Background: Vitamin D is associated with a variety of health outcomes, but the exact definition of vitamin D sufficiency remains controversial.
Aim: We sought to define skeletal-related vitamin D sufficiency by estimating maximum PTH suppression in the U.S. population.
Methods: We performed a cross-sectional analysis of the National Health and Nutrition Examination Survey (NHANES), 2003-2006. We examined the association between serum 25-hydroxyvitamin D (25OHD) level and serum PTH level in 14,681 participants aged ≥6 yr. We also evaluated the 25OHD-PTH association using 2 thresholds of hyperparathyroidism: PTH≥45 pg/ml and ≥75 pg/ml.
Results: The mean 25OHD level was 24 ng/ml and mean PTH was 42 pg/ml. PTH≥45 pg/ml was present in 35% of the population, while PTH≥75 pg/ml was present in 7%. The prevalence of 25OHD levels <40 ng/ml and <30 ng/ml was 95% and 77%, respectively. In both unadjusted and adjusted models, there was a strong inverse relationship between 25OHD and PTH. Compared to 25OHD≥40 ng/ml, the 25OHD-PTH association was 2.36 [95% confidence interval (CI), 2.08-2.67] times greater for 25OHD<5 ng/ml and 1.12 (95%CI, 1.07-1.17) times greater for 25OHD 30-39.9 ng/ml. Compared to 25OHD≥40 ng/ml, 25OHD levels of 20- 29.9 ng/ml [odds ratio (OR) 2.0 (95%CI, 1.4-2.8)] but not 30- 39.9 ng/ml [OR 1.1 (95%CI, 0.8-1.6)] were independently associated with PTH≥45 pg/ml.

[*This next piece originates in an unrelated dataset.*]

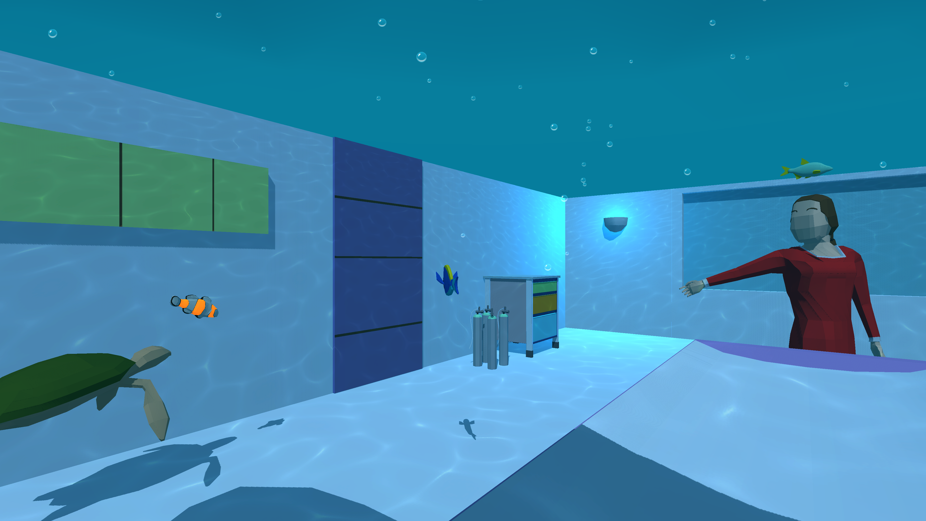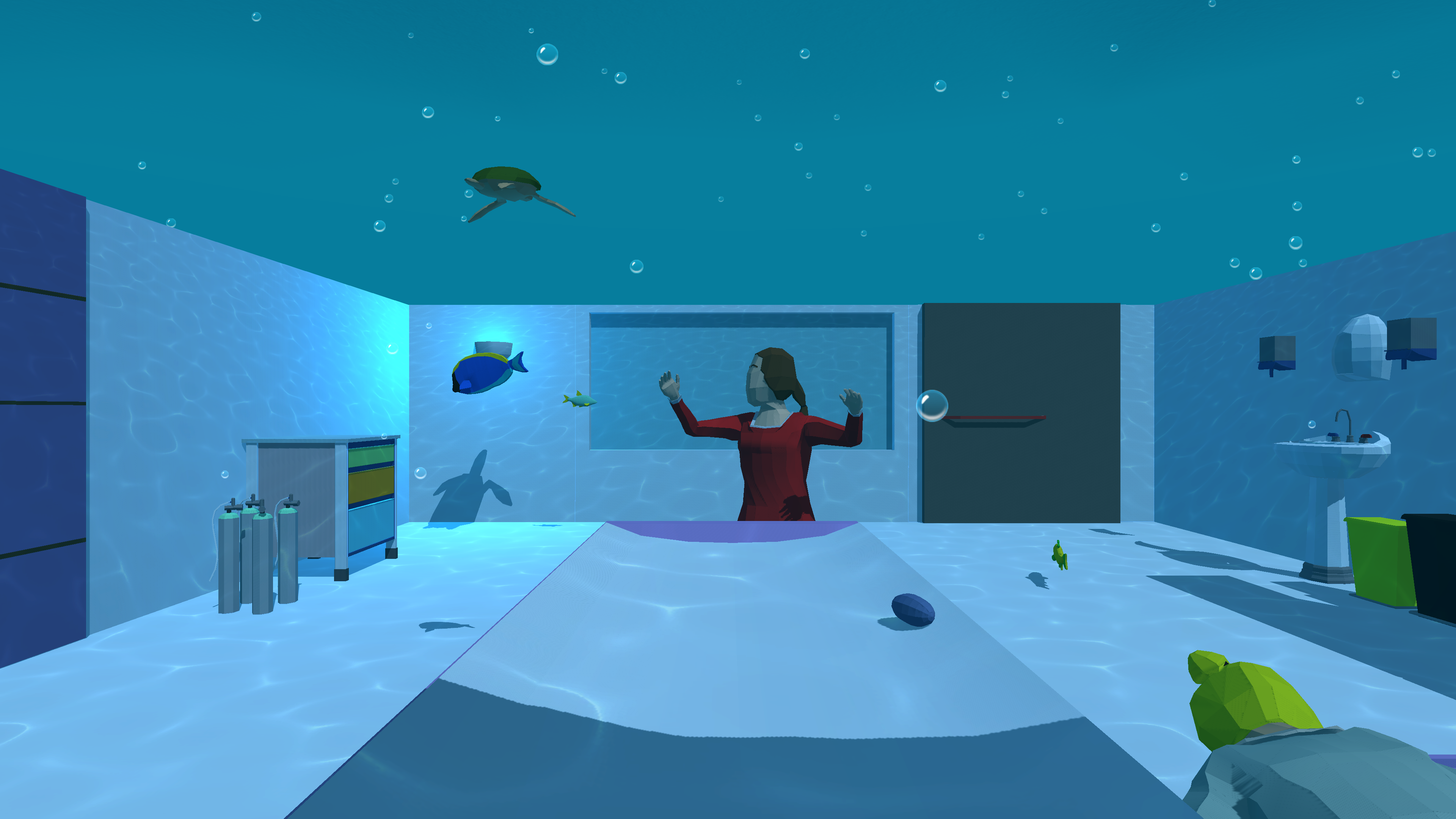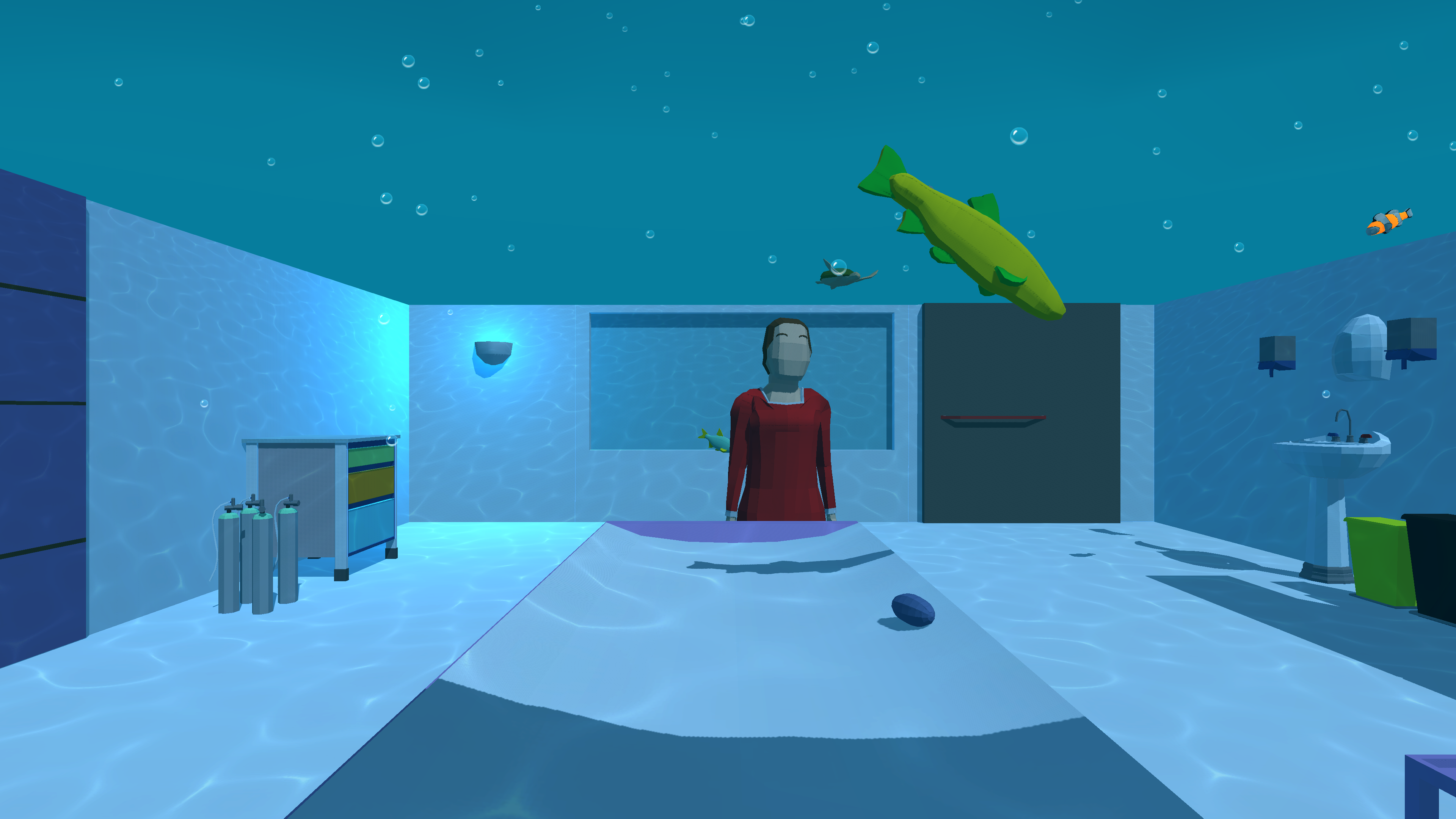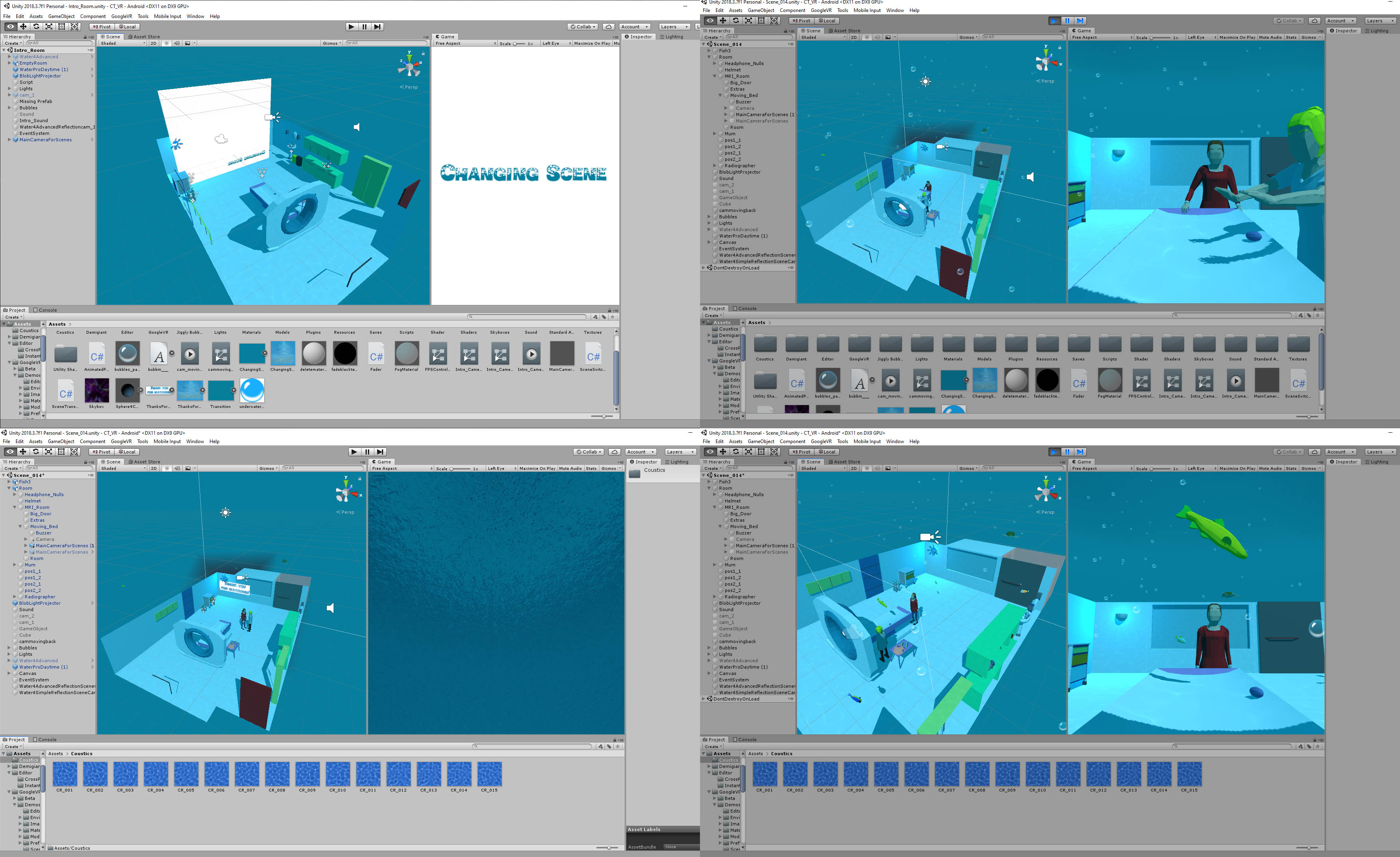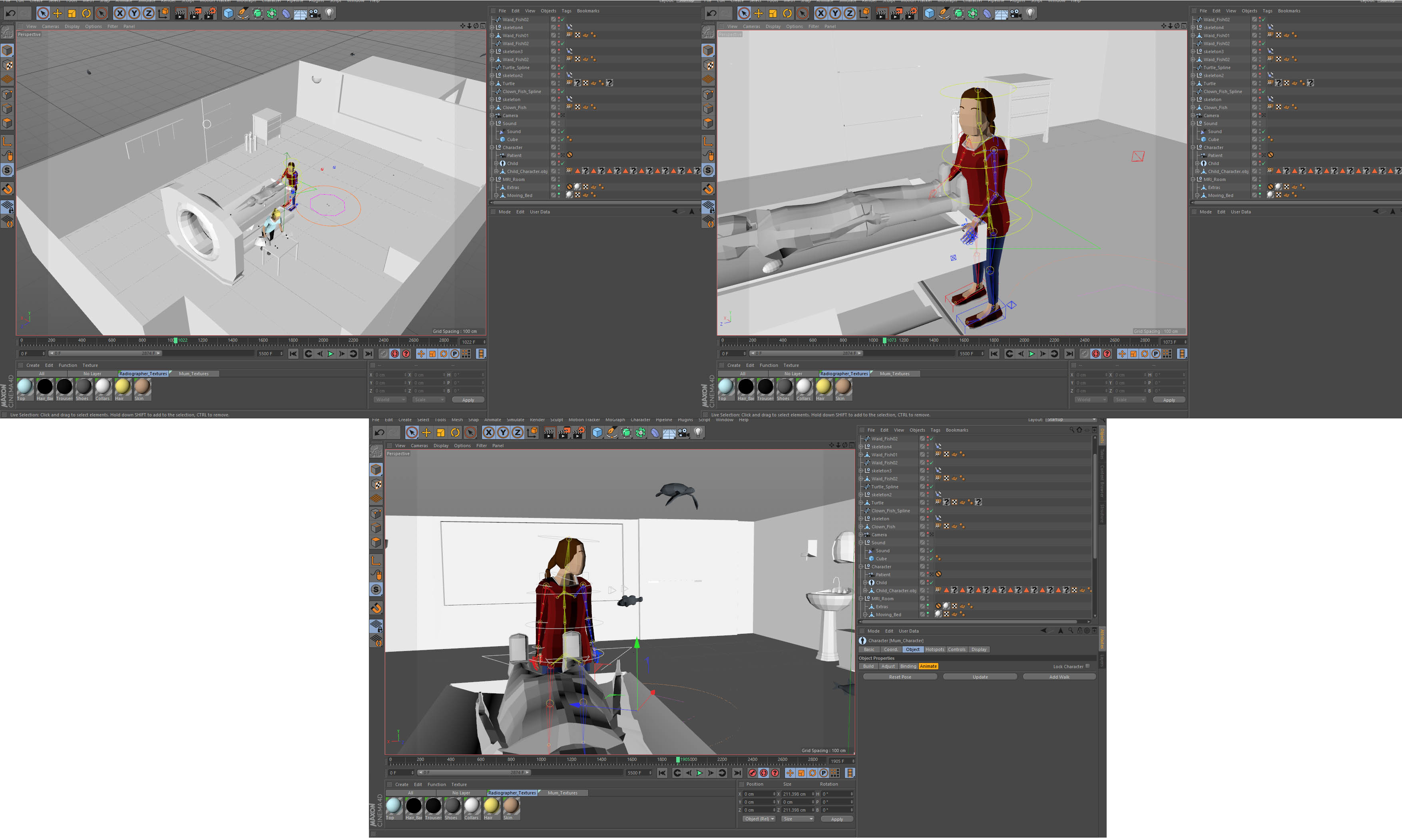 -Idea: Shows the procedure so the patients are aware and informed about the whole MRI process, and are less anxious beforehand. The patient is taken through the procedure by the animated Radiographer and voiceover narrative. Later on in the project, the sea-life emerge and swim around the patient, creating a calming and relaxing experience.

Conclusions: Optimal vitamin D status, defined by estimated maximum PTH suppression, does not occur until at least 25OHD levels ≥40 ng/ml. Using these thresholds, most of the U.S. population needs more vitamin D. Large, prospective studies are needed to determine optimal vitamin D supplementation.